SEN. KAMALA HARRIS: Well listen, the idea is that everyone gets access to medical care. And you don't have to go through the process of going through an insurance company, having them give you approval, going through the paperwork, all of the delay that may require. Who of us have has not had that situation where you've got to wait for approval and the doctor says, 'Well I don't know your insurance company is going to cover this.' Let's eliminate all of that. Let's move on. [END CLIP]

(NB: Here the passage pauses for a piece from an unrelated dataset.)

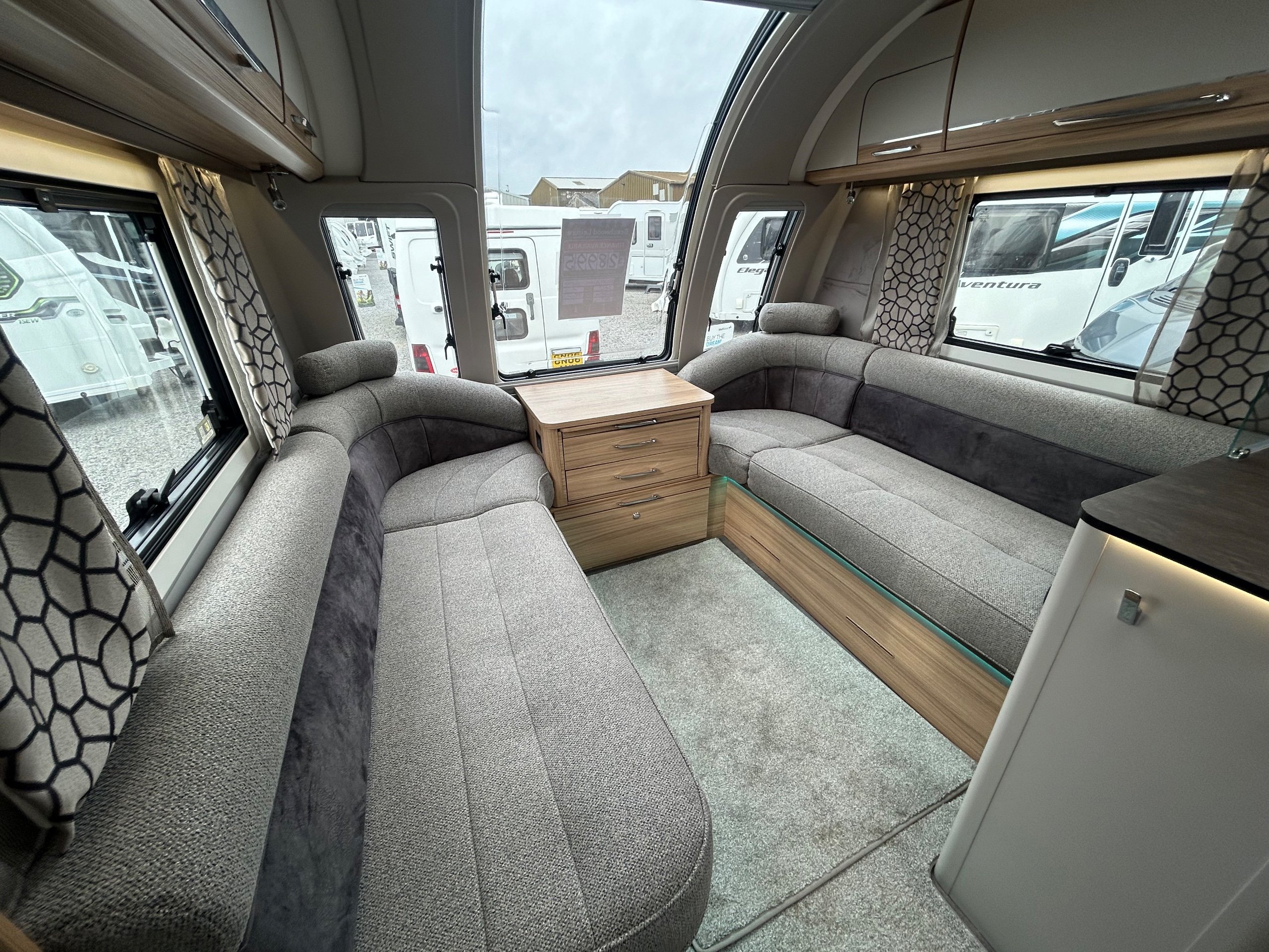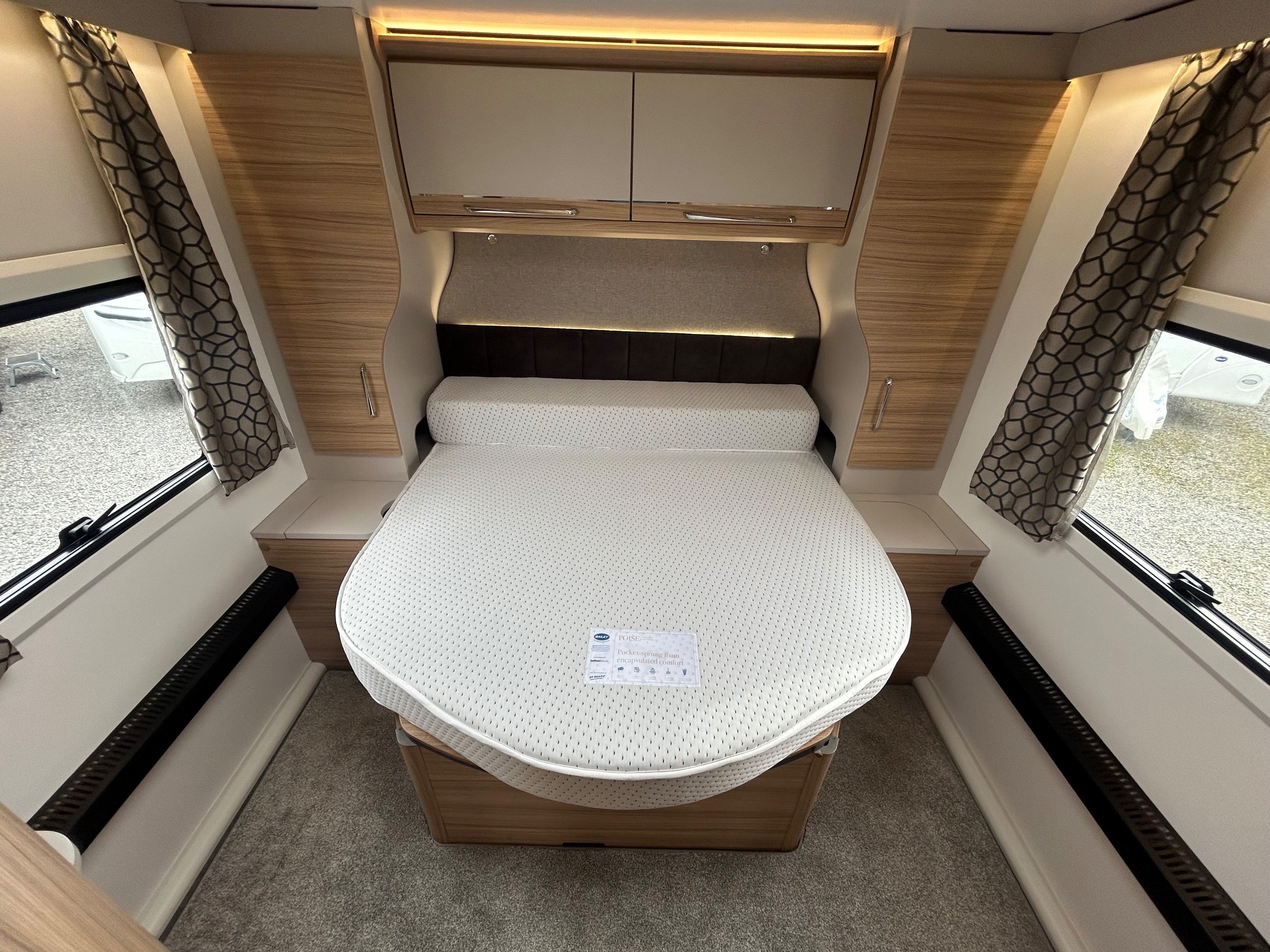 A luxurious 4-berth twin-axle caravan that epitomizes elegance, comfort, and sought-after design. This model is meticulously crafted to provide a truly exceptional travel experience, boasting a range of premium features and stylish enhancements.

PAUL WALDMAN: Her staff, the next day I think, walked that back and said, 'well, that's just one of the options.' Right now, Sanders is the only one of the presidential candidates who has put out a specific plan. In his plan, there is no role, ultimately, for private insurance. If we look around the world, even the most socialized system in Great Britain has a small role for private insurance. They have private insurers in Canada which is the single-payer system. There are hybrid systems like in France where there's kind of a basic Medicaid like plan that covers everyone and then people buy supplemental private insurance. I think we're going to see a lot of the presidential candidates ultimately find their way to something that expands Medicare and or Medicaid, and gives people the option to join a government plan if they want to but still has private insurance for people who don't want to–at least in some sort of long transition period. And the reason is, I think they're very, very aware that people are afraid of change, and that it's easy to frighten people by saying that what you have now is going to be taken away even if what you have now may be kind of mediocre.
BOB GARFIELD: All right, so you've explained the world as it exists, now if you would just spend the remaining moments of this interview telling us what's going to happen.
PAUL WALDMAN: I wish I knew what's going to happen. Well right now, there is a real hunger in the Democratic Party for ambitious change–especially on the issue of health care. You know the experience of the Affordable Care Act I think was really traumatic for Democrats in a particular way. The bill finally got passed by the skin of its teeth and then it had to withstand all these kind of legal challenges, and ultimately an effort by the Republican Congress to repeal it. And after all that, the feeling in the Democratic Party is, 'we don't want to go through that again.' I think Democrats believe that if they get their preferred universal system, it will quickly become beloved by all Americans, and then Republicans won't be able to undo it even if they want to. The only trouble with that is that there is going to be a painful transition to whatever the system is. Whether it's total single-payer or some kind of modified public private system, the transition will not be easy, and there may even be some short term pain. And that's going to give Republicans a window to say, 'we should just get rid of this and go back to the way things used to be.'
BOB GARFIELD: Well, Paul thank you.
PAUL WALDMAN: My pleasure.
BOB GARFIELD: Paul Waldman is an opinion writer for The Washington Post's Plum Line blog.